Introiettare la detenzione
Bloccati su un’isola che è diventata un enorme carcere, incapaci di andare né avanti né indietro, gli immigrati sono visti con sempre maggior fastidio da una popolazione che percepisce il loro arrivo come una vera e propria invasione. Negli ultimi anni, è cresciuto il sentimento xenofobo, è nato un partito che si ispira al fascismo (Azzjoni Nazzjonali) e anche i laburisti hanno ormai sull’accoglienza una posizione dura: «Siamo in una situazione limite. Malta dovrebbe prendere in considerazione l’idea di sospendere i propri obblighi internazionali», ha detto in parlamento il capo del partito Jospeh Muscat presentando il suo piano per l’immigrazione.
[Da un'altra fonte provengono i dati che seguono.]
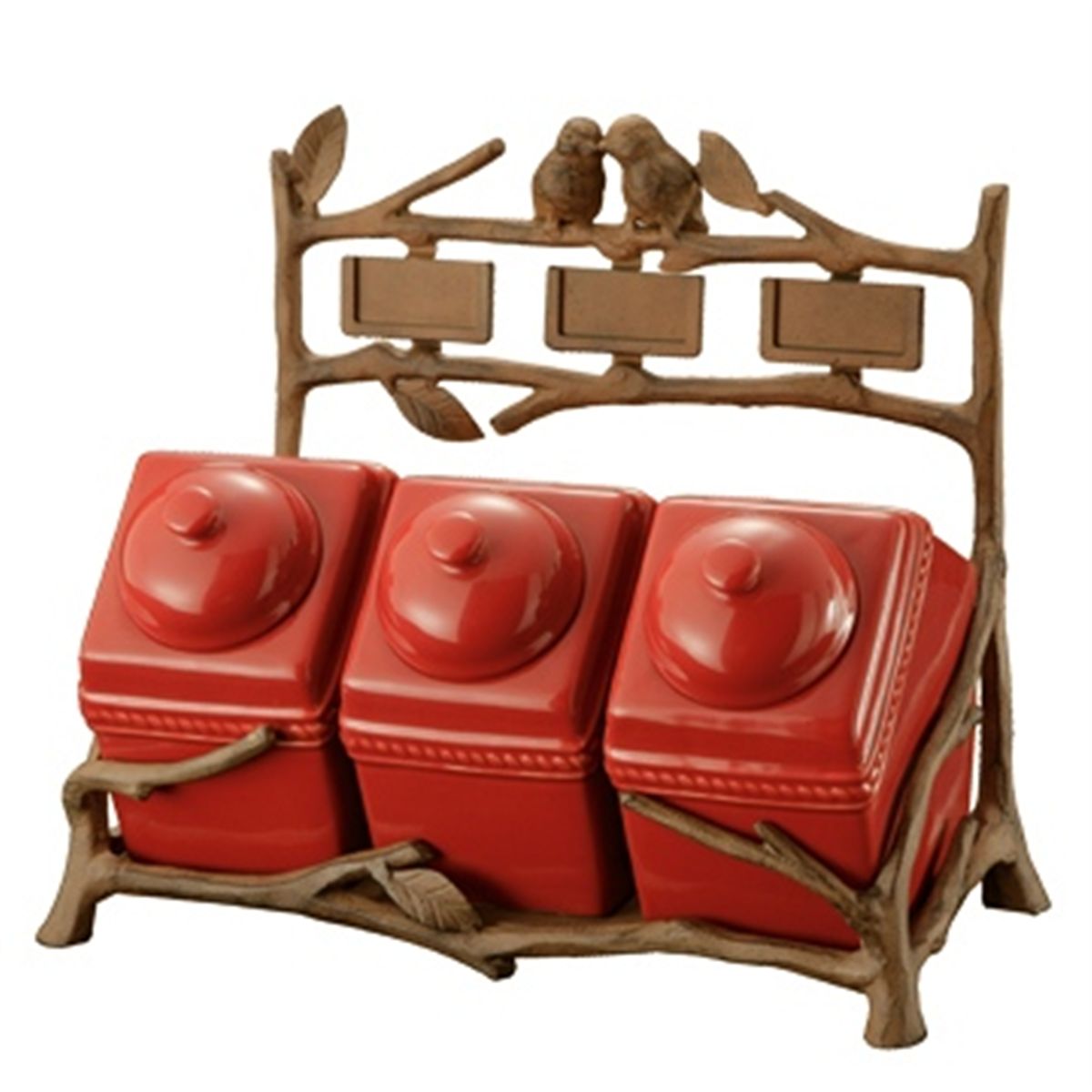 Love Bird Spice Jar Set In Red - 12.5"H 13"W 9"D - Aluminum & Ceramic
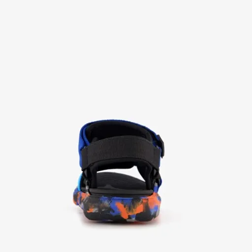 Blauwe Blue Box sandalen met oranje details voor jongens. Het boven- en binnenwerk zijn gemaakt van textiel en de stevige profielzool is van rubber. De sandalen hebben klittenbandsluitingen bij de tenen en de enkel voor een makkelijke instap.

«Immaginate cosa succederebbe in Italia se arrivassero in un anno 500mila persone via mare», dicono al ministero degli interni. «Noi siamo la frontiera e dobbiamo pure fronteggiare gli attacchi del vostro paese. E l’Europa sta a guardare». Malta abbandonata dall’Europa, gli immigrati abbandonati a se stessi, che vorrebbero andarsene ma spesso non ci riescono. «Il problema è che ormai c’è una forma di sfiducia reciproca, che rende quasi impossibile l’integrazione», sottolinea Ahmed Bugri, manager del centro aperto di Marsa, una specie di cittadella con bar, ristoranti, un barbiere, due internet café, che ospita «ufficialmente 700 immigrati, in realtà almeno mille». Immigrato lui stesso dal Ghana, Bugri sottolinea che «il governo è tra due fuochi: se concedesse l’asilo a tutti, gli immigrati sarebbero liberi di muoversi e di lasciare l’isola. Ma una tale politica creerebbe un effetto chiamata». Quindi, La Valletta dà la protezione umanitaria a chi ne ha diritto, ma al contempo mantiene un regime di detenzione dura per tutti quelli che arrivano, come misura deterrente. «Il problema è che dopo mesi in quei centri chiusi, gli immigrati hanno introiettato il concetto di detenzione e si sentono in carcere anche se vengono liberati. Sono incalcolabili i danni psicologici creati da quei centri», conclude Bugri. Nel cortile del suo open center di Marsa, decine di immigrati che hanno avuto esaminata la richiesta stanno seduti sui gradini, senza sapere bene che fare. Nel cortile di Safi, quelli ancora in detenzione stanno seduti dietro le grate. I primi almeno, quando vogliono, possono andare a bersi una birra.